## Material to process
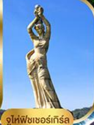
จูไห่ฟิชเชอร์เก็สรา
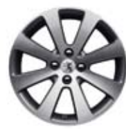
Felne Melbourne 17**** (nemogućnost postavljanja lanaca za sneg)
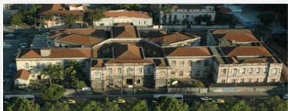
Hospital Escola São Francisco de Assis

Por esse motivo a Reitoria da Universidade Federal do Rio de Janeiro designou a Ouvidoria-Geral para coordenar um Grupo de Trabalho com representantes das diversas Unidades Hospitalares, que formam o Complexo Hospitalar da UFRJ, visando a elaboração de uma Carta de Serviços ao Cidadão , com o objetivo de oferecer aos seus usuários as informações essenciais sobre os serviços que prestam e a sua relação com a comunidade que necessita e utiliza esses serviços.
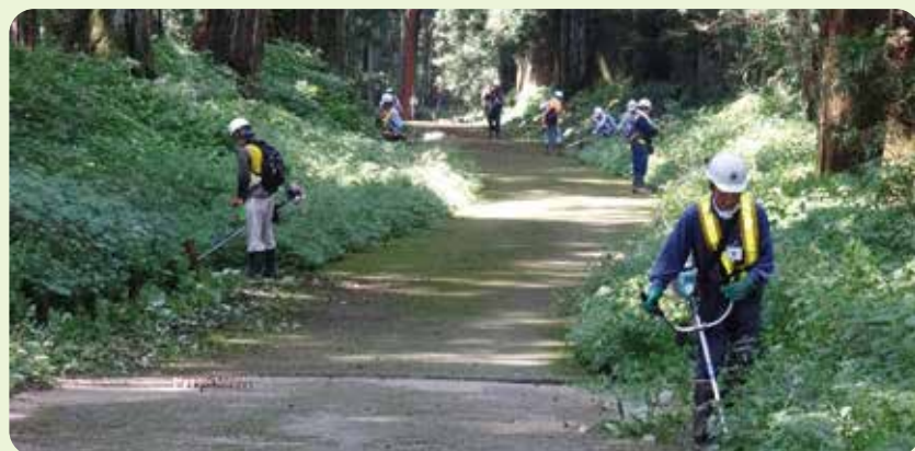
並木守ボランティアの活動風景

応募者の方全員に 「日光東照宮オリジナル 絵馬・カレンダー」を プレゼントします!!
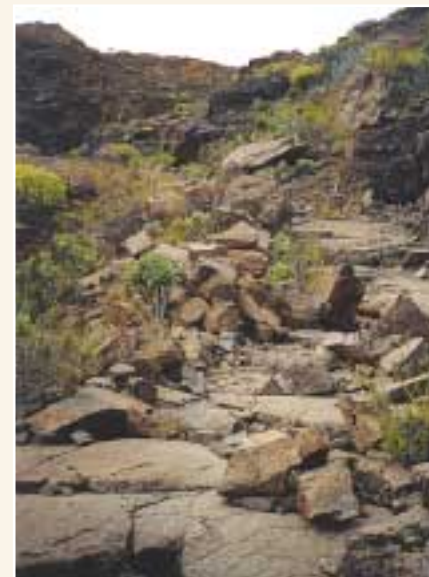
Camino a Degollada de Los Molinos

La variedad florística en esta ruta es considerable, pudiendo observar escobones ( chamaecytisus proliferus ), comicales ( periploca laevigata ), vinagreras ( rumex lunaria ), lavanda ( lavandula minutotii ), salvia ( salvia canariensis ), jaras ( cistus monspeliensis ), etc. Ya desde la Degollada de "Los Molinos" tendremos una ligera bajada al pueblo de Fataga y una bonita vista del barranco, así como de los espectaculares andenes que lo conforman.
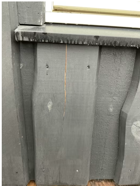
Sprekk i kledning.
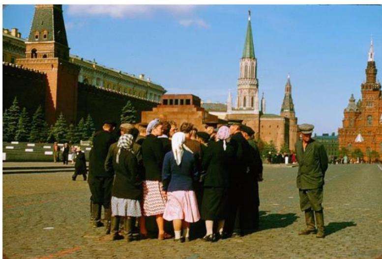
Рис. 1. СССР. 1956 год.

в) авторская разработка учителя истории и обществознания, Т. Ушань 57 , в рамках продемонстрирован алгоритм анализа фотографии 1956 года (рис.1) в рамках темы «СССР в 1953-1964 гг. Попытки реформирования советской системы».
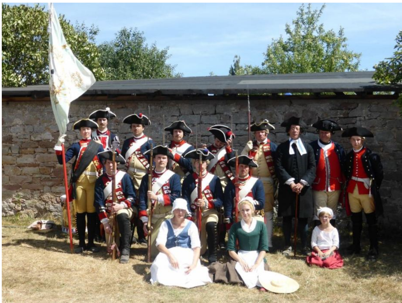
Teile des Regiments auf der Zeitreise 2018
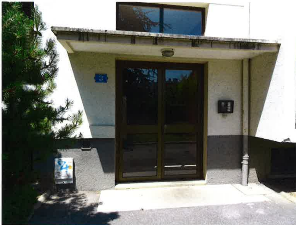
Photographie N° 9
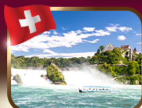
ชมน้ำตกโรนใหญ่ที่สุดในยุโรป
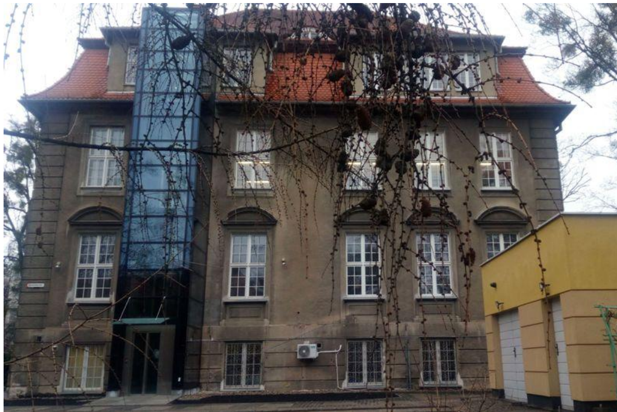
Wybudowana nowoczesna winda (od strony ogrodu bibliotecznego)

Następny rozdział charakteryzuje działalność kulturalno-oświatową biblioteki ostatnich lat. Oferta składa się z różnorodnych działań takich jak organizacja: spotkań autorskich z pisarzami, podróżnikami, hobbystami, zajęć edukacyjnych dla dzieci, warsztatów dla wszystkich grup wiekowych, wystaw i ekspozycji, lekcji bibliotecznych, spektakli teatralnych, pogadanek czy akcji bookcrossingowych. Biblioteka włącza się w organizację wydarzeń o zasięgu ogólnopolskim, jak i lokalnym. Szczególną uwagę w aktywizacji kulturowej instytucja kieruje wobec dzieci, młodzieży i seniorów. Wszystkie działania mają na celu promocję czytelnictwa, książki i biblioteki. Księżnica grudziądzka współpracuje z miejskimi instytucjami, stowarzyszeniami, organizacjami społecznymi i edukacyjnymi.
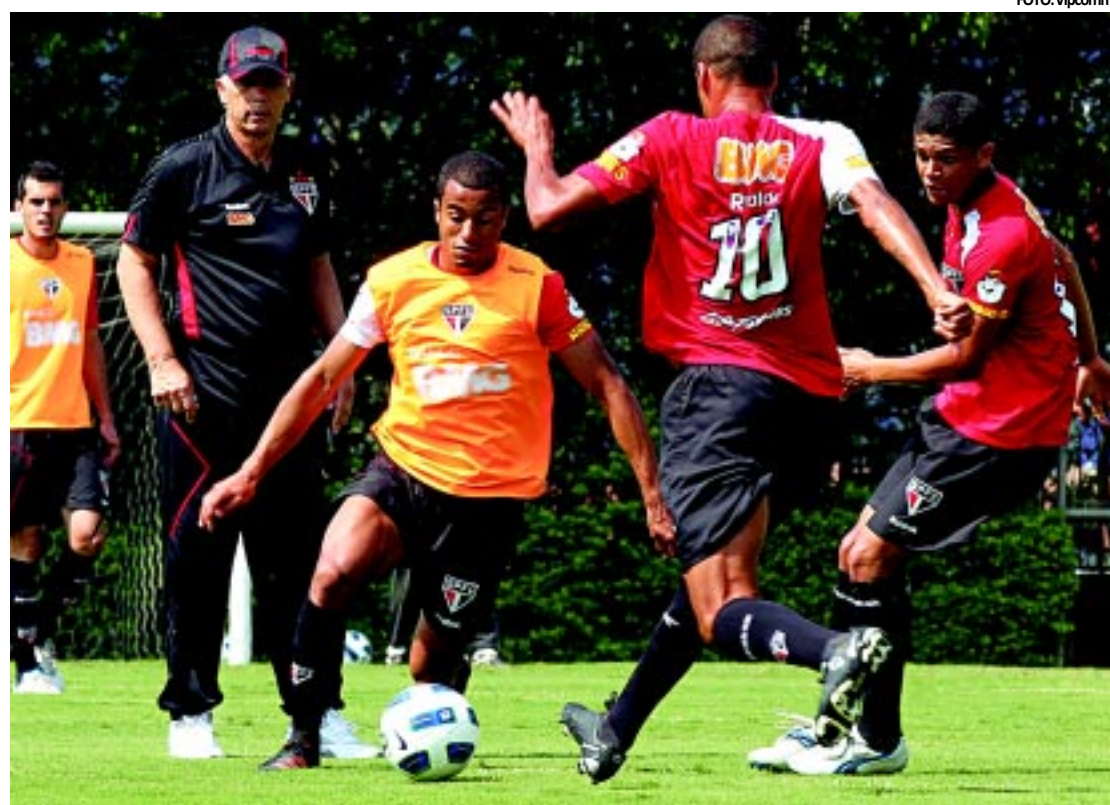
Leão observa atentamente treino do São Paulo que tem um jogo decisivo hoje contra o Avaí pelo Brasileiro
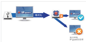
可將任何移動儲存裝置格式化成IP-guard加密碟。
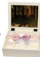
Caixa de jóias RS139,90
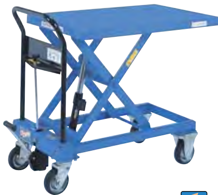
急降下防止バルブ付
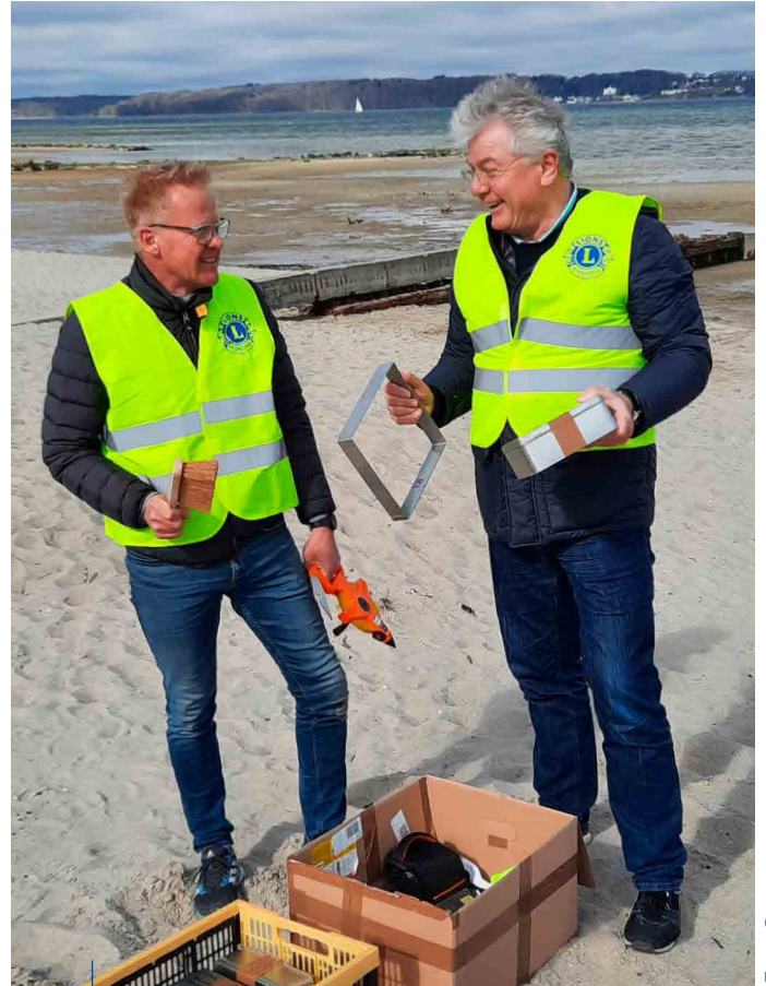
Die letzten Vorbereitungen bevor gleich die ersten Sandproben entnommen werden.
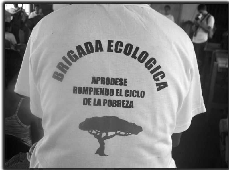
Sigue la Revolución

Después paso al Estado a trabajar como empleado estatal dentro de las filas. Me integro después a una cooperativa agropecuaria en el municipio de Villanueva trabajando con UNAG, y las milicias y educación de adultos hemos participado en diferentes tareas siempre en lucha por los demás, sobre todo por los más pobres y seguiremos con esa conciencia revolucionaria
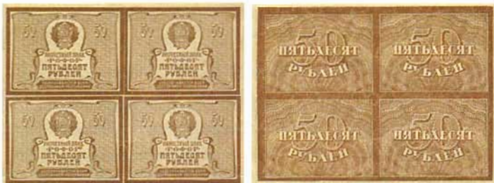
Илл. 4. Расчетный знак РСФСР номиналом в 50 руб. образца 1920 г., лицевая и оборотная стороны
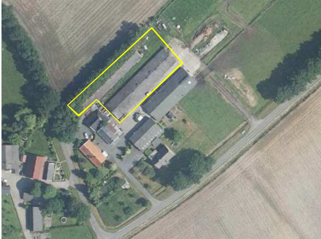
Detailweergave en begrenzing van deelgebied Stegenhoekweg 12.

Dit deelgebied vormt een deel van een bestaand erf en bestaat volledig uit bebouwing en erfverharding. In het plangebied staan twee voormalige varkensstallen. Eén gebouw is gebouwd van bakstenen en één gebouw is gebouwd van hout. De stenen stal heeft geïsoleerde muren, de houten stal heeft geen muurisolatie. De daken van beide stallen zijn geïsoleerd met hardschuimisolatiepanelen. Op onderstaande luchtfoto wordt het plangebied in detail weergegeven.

## About this exercise
Without any pictures, output exactly the lines from the start of the material through the line that contains "Hospital Escola São Francisco de Assis", and only those.

## Solution to this exercise
จูไห่ฟิชเชอร์เก็สรา
Felne Melbourne 17**** (nemogućnost postavljanja lanaca za sneg)
Hospital Escola São Francisco de Assis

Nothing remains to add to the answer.